[[ Supplied records open ]]

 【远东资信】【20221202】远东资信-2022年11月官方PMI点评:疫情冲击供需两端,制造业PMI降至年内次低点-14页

[[ Supplied records closed ]]
[[ Supplied records open ]]

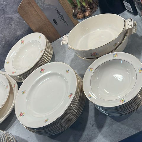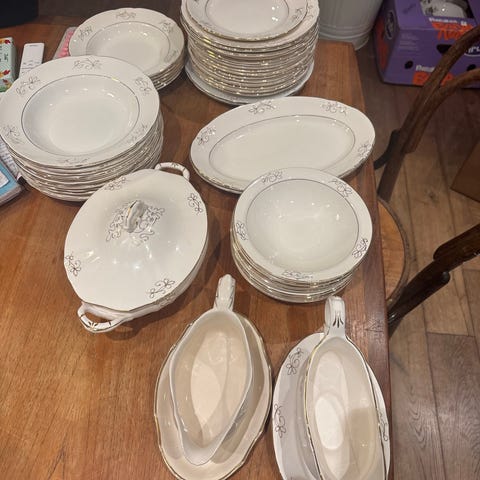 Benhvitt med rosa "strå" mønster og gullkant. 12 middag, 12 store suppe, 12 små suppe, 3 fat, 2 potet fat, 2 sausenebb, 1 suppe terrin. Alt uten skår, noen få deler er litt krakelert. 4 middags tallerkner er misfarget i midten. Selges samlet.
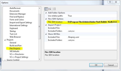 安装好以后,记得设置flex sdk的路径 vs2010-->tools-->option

[[ Supplied records closed ]]

[Assignment] Copy exactly the lines of the entries above from the one containing "Benhvitt med rosa" through the one containing "安装好以后,记得设置flex sdk的路径 vs2010-->tools-->option". Both end lines count; pictures do not.

[Exercise solution]
 Benhvitt med rosa "strå" mønster og gullkant. 12 middag, 12 store suppe, 12 små suppe, 3 fat, 2 potet fat, 2 sausenebb, 1 suppe terrin. Alt uten skår, noen få deler er litt krakelert. 4 middags tallerkner er misfarget i midten. Selges samlet.
 安装好以后,记得设置flex sdk的路径 vs2010-->tools-->option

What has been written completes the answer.